● **Work task**: Lines from the one containing "La Comisión Nacional" through the last line of the data are to be returned exactly, both ends included, minus any pictures.

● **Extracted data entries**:
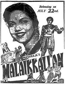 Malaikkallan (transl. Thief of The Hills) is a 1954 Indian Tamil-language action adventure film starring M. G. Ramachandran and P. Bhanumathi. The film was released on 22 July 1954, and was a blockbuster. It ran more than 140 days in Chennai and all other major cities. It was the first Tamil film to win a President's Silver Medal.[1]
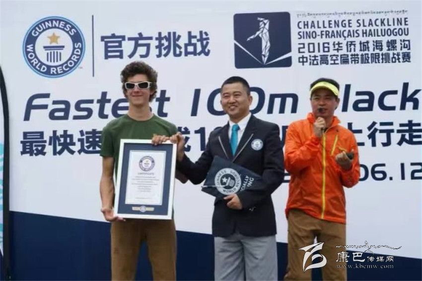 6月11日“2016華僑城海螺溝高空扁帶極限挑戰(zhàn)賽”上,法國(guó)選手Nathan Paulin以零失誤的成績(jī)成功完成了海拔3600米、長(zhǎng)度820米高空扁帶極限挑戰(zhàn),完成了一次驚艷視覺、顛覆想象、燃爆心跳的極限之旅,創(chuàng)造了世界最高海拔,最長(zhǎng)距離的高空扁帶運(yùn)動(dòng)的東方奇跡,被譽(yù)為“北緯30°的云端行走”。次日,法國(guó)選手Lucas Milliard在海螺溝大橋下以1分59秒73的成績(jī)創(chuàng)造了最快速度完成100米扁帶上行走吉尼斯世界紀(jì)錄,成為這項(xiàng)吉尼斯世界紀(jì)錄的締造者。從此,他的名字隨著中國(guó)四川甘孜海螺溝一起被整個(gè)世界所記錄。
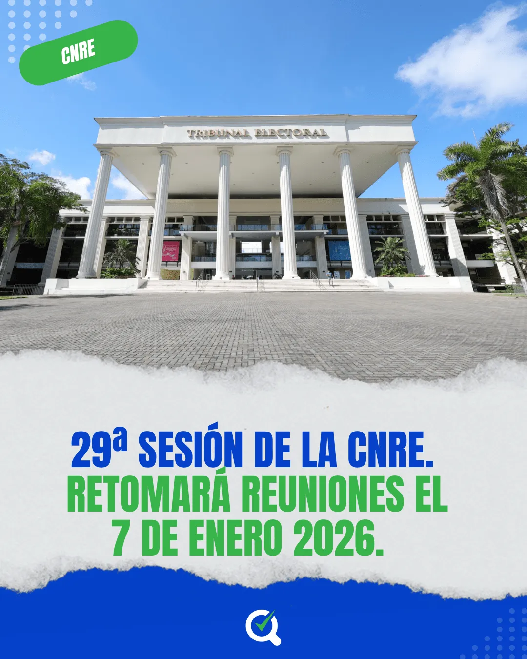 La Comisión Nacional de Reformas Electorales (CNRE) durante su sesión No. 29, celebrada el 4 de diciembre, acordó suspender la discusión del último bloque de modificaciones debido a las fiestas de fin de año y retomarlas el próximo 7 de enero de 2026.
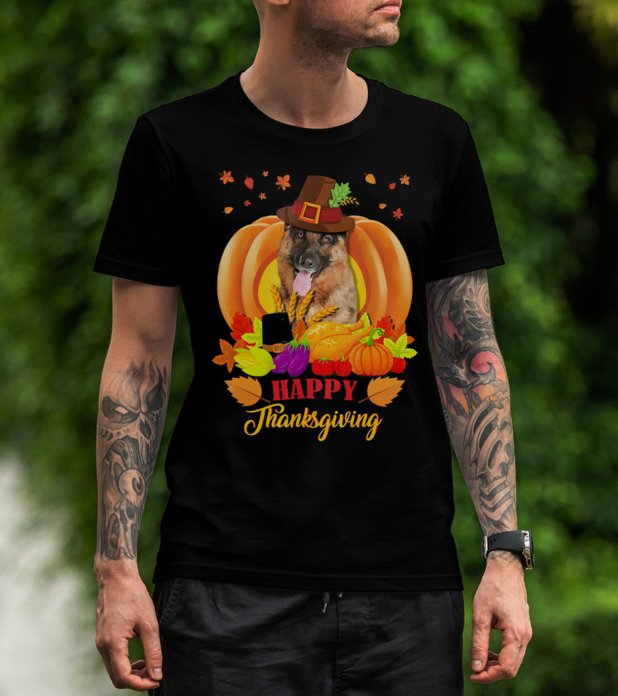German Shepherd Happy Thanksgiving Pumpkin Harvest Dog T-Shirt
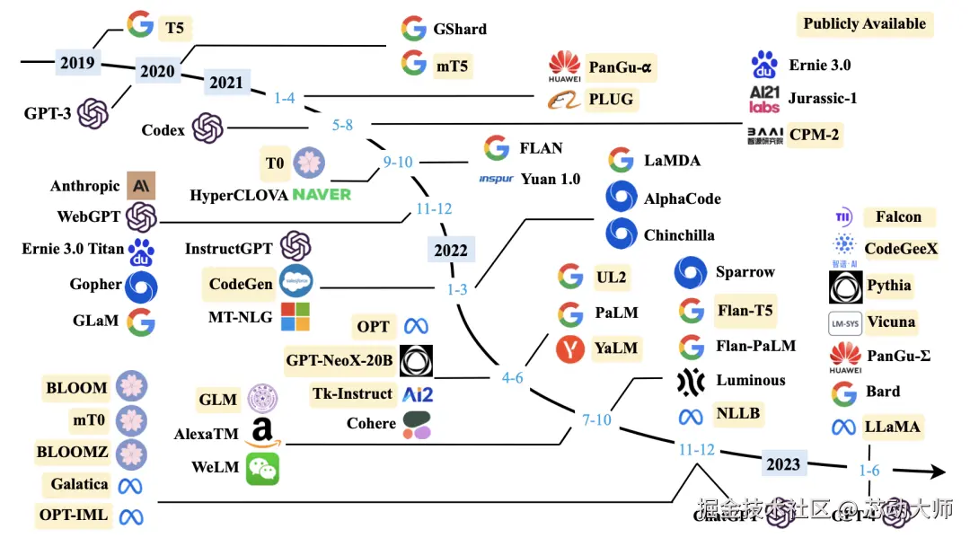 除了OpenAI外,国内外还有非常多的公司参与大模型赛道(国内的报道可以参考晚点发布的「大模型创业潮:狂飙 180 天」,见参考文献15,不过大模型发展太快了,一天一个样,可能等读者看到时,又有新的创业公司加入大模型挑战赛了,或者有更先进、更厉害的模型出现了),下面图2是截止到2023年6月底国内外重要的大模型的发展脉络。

● **Your solution**:
 La Comisión Nacional de Reformas Electorales (CNRE) durante su sesión No. 29, celebrada el 4 de diciembre, acordó suspender la discusión del último bloque de modificaciones debido a las fiestas de fin de año y retomarlas el próximo 7 de enero de 2026.
German Shepherd Happy Thanksgiving Pumpkin Harvest Dog T-Shirt
 除了OpenAI外,国内外还有非常多的公司参与大模型赛道(国内的报道可以参考晚点发布的「大模型创业潮:狂飙 180 天」,见参考文献15,不过大模型发展太快了,一天一个样,可能等读者看到时,又有新的创业公司加入大模型挑战赛了,或者有更先进、更厉害的模型出现了),下面图2是截止到2023年6月底国内外重要的大模型的发展脉络。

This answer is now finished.